The Marriage Campaign

A Rake’s Redemption

A Scandalous Journey

Twist of Fate

 
Twin Peril by Susannah Carleton
(Signet Regency, $4.99, G) ISBN 0-451-21588-5
****
Twin Peril is the fourth entry in Susannah Carleton’s experiment with related books detailing the romantic escapades of a group of musical young ladies known as “The Six.” The first two stories took place in a parallel time frame, as do this story and its predecessor, A Rake’s Redemption. At the end of the previous book, I hoped to see the Duke of Fairfax and Lady Deborah Woodhurst in their own story, and Ms. Carleton has cheerfully obliged.

Michael Winslow, a rather quiet, unassuming type of man, is being hounded by his dowager grandmother to choose a bride and beget an heir. Michael knows his looks are average, though his fortune is vast, and he longs to meet a woman who can appreciate the man underneath the title of Duke. Lady Deborah Woodhurst has caught his eye, and in her presence, he feels comfortable and happy. Could she be the one?

Deborah is tired of being half of the famously beautiful Woodhurst Twins, and she longs to meet a man who can tell her apart from her sister, Diana. Michael Winslow, the attractive Duke of Fairfax, seems interested in her as a person, but does he really see her as an individual? Diana, meanwhile, is scheming to snare the Duke for herself as a grand matrimonial prize, and she’ll use any means to trap him. Even attempting to impersonate her sister.

Michael can tell the twins apart instantly, but decides to keep the knowledge to himself. This way, he reasons, he can get to know Deborah and see if she is as interested in him as he is in her. (This reasoning felt a little shaky, but I was willing to go with it.) Their shared love of music draws them together, and as Diana’s schemes edge toward nefarious, Michael is pushed into the role of hero, a role he never imagined himself fulfilling. Yet it’s one he gladly assumes to protect his ever-more-beloved Deborah.

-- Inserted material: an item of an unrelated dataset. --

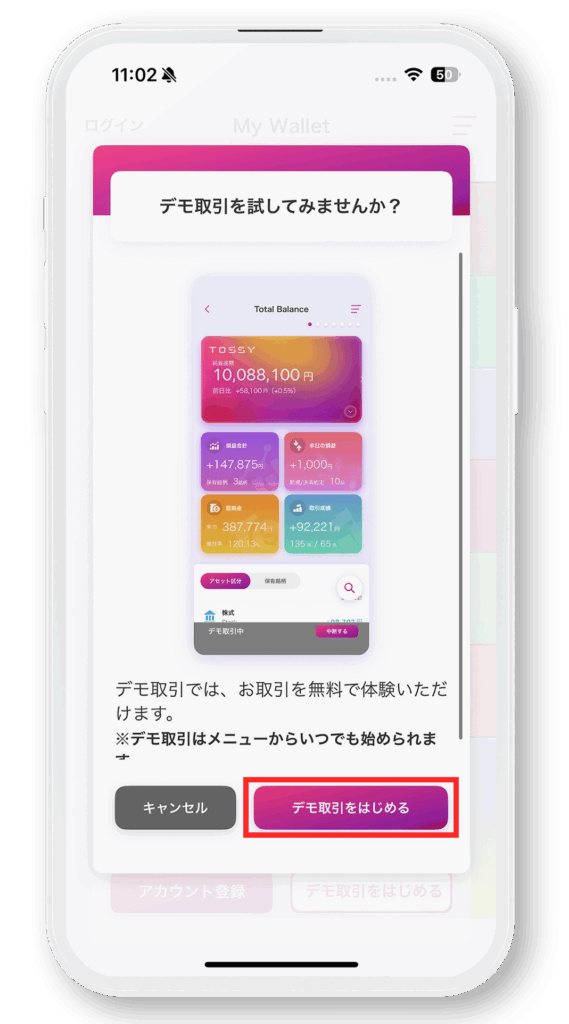 TOSSYにはデモ取引機能がある。本取引と同じ操作感で、自分の資金を使わずにリアルな投資を体験できる。

Twin Peril is a quiet book, filled with conversation and detail. Readers looking for an action-packed story should keep on looking. But for a sweet young lady and a rather shy Duke, this framework fits perfectly. Deborah and Michael both want to be loved and appreciated for their personal qualities, and in order for them to discover each other, they need to spend time together – and the author makes sure they do. Their conversations during rides in the park, at balls, and in the music room of Michael’s town house deepen their relationship right before the reader’s eyes. By the time the book is halfway finished, you get the feeling that Michael could tell the twins apart in the dark, and he’s not going to let anything happen to his darling Deborah.

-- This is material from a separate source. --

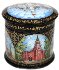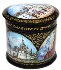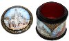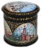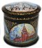 Description: This small round box has been painted by Mikhail Strunin from the village of Mstera. Most of all this artist likes to depict architecture; he has created many works dedicated to picturesque views of Moscow and St.Petersburg. This box features the views of old Moscow; working on it Strunin used old paintings drawn in the 18th and 19th centuries.

Sweet, gentle romance aside, there is what seems like a hundred secondary characters in the book. This is a problem that has plagued this series from the outset: counting their beaux, The Six make for twelve major characters. At times I couldn’t keep them straight. The author even kept a few of them offstage for this story, and it was still confusing at times.

But Michael and Deborah are such enjoyable characters, it was worth sifting through the cast to read their story. Diana is appropriately spoiled and nasty, and the comeuppances she gets deliver a satisfying punch. I can’t imagine the author trying to write her a story as a lead character, though, so perhaps this was her swan song. And Michael and Deborah deliver a surprising amount of heat under the surface, as he begins to court her with unexpected kisses and touches. It was fun to watch the shy exterior give way to a bit of daring as the Duke sets out to win his ladylove.

Twin Peril is an excellent example of a sweet Regency with a tight focus on the main romance. This is one for readers to savor.